Wednesday, October 20, 2010

Cocaine is one helluva drug ... When you're 16.

When I was 14 I lived, indulgently unsupervised, at a friend's house for the summer. We ran the gamut of house egging, cop car defacing, car theft and dumpster fire lighting, among other admirably cool pastimes. At some point during those feverish months of gleeful rebellion I ended up sneaking into the only bar in my hometown - And by sneaking, I mean I walked really fast through the front door flanked on either side by some seedy 20 year old guys, this association aiming to dispel any doubts in the bar staff's mind of my age. It worked, and in my mind was a surefire testament to my sophistication. A greasy old cowboy showed me how to play pool while I got an earful about the Saturday night stripper, and how the bar manager reused the same pink pleather outfit for every stripper that did a stint there. In all, it was a pretty unglamorous affair, but that didn’t stop the story from being told and retold, in grandiose fashion, to all of my friends.

When I was 17 I used the ID of one Natanya Caroline Funk (yeah, Nat Funk), who was 25, blonde, and 5"10 to get into clubs and buy liquor. I was offended any time that I was actually asked for ID, and gave as much attitude as I could muster to dubious looks from bouncers. When I was finally old enough to show my own ID, it just wasn’t fun anymore. Entitlement ruined the thrill of feeling like I had one up on everybody.

Now I'm 21 and ... I'm a total fogey. In a line up at the SAQ the girls ahead of and behind me got checked for ID but I didn't. In a departure from my old smugness I just felt left out. The other night, faced with deciding between a Bad Religion show and a free ticket to see Joan Baez, I passed on the mosh pit for the concert hall. My 16 year old self would have been appalled, I thought as I stood in an orderly queue for the adult
beverage counter.

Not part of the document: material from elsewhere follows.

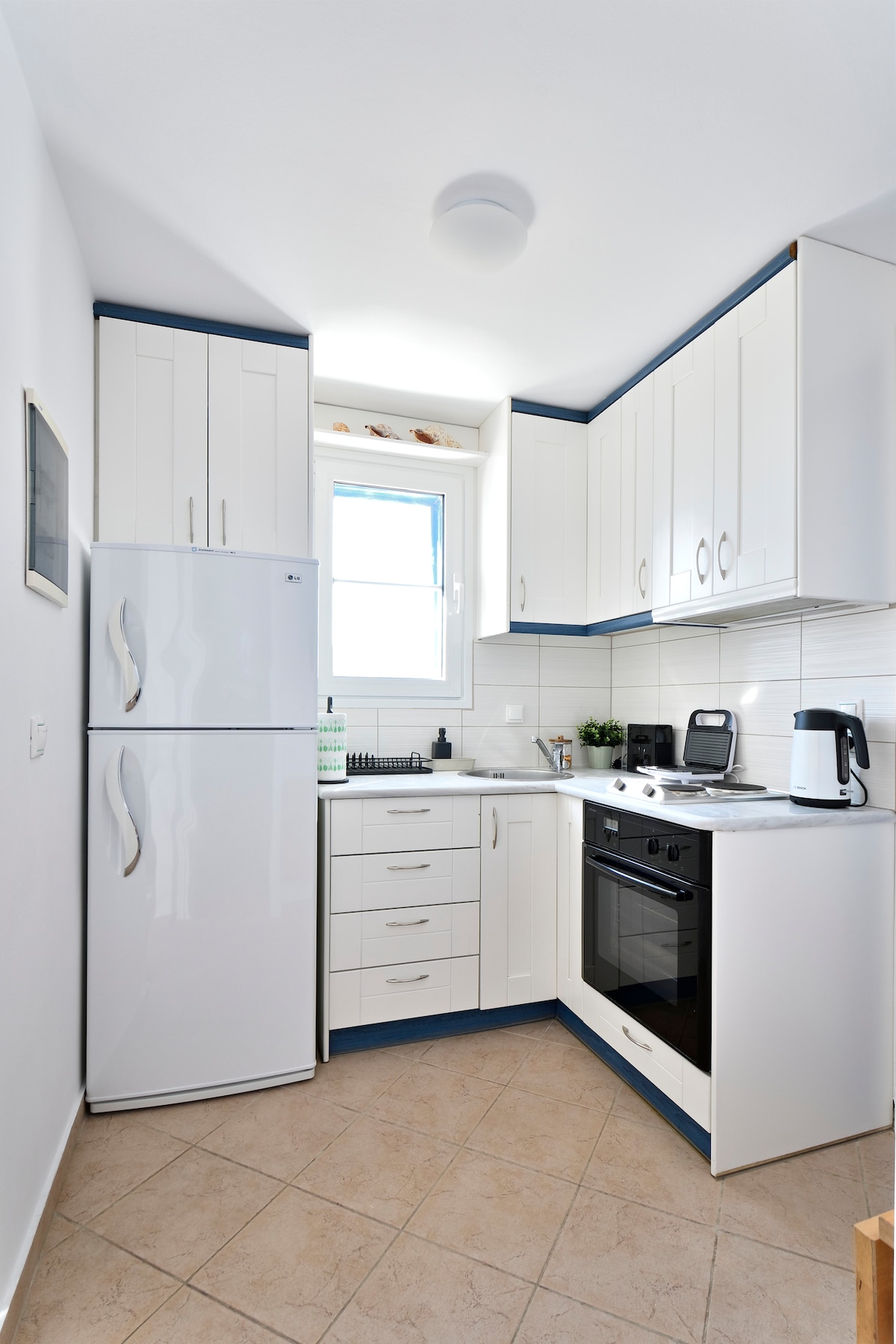 Casa de 50 M2 orientada al suroeste en la bahía de Yialos. Está equipada con: - Habitación con cama de 160x200, vestidor, terraza - Cuarto de baño con inodoro, lavadora - Cocina con placa halógena, horno, nevera/congelador, lavavajillas, hervidor de agua, tostadora y utensilios, cafetera y zona de comedor - Cocina exterior con plancha de gas - Sala de estar interior con dos bancos 180-190x90 que pueden servir como cama supletoria para niños, cuna. - Salón exterior con sofá

Where 4 years ago I was jumping up and down, covered in GWAR style fake blood and semen at the Cobalt after a particularly rowdy show, I was now sitting cross legged, politely applauding, in a room filled with people of whom the median age was likely 55.

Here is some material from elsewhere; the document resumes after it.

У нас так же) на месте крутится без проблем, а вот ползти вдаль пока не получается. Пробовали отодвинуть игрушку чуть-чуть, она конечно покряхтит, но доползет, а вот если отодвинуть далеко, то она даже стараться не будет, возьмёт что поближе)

(As a side note Joan Baez was incredible, and my prior notions of her being a bleeding-heart pseudo-leftist with a dope hangover are dispelled. With a decade on my parents she can still rock a Bob Dylan song with sincerity. Even more respectably, she won a deserved standing ovation for her rending of "Un quebecois errant", changed from Un canadien errant ... To which I should add, I learned that she re-released the song, "We Shall Overcome", always associated with the civil rights movement with lyrics in Farsi to show support for Iranian protestors after the 2009 elections ... http://www.youtube.com/watch?v=kVCqPAzI-JY)

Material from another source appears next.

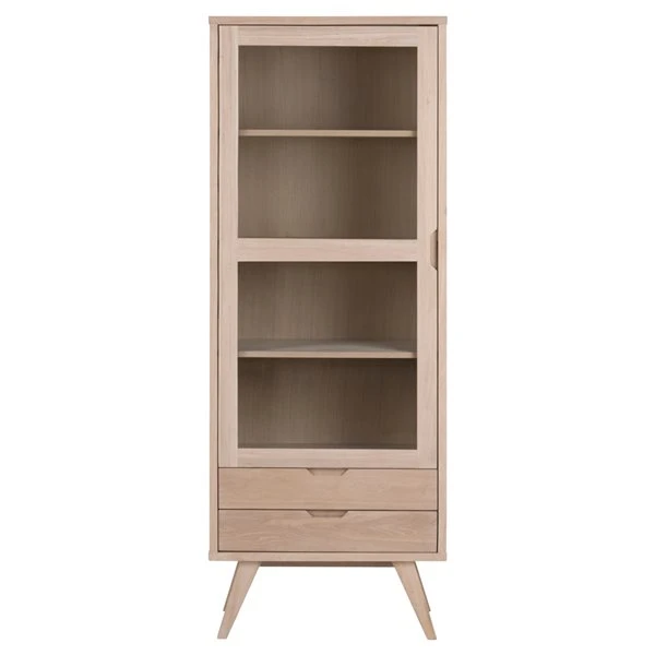 This cabinet is a modern take on classic Scandinavian design. The slender profile enables a lightweight and contemporary expression of the furniture. The cabinet features plenty of storage behind the glass door and for out-of-sight storage you can use the 2 drawers.

But I digress. My realization that I really am becoming “too old for this shit” came a few nights ago at a club. Disenchanted and feeling rather like a pedophile, I left my friends dancing and went to the bathroom. On the way, I got felt up by a guy who was probably my little brother’s age. Picking my way through the hordes of sloppy teens with wardrobe malfunctions I made it, and behind the door of stall number one found two high school-aged girls doing blow off the toilet paper dispenser. I laughed awkwardly and, giggling, they asked if I wanted some. In true fogey fashion, I replied “Nah, I’m too old for that shit”, and used another stall. While washing my hands I watched the bouncer haul them out the front door, one of them missing a shoe.

So I guess that makes me boring, but I’m starting to see the perks. At least I left with both of my shoes.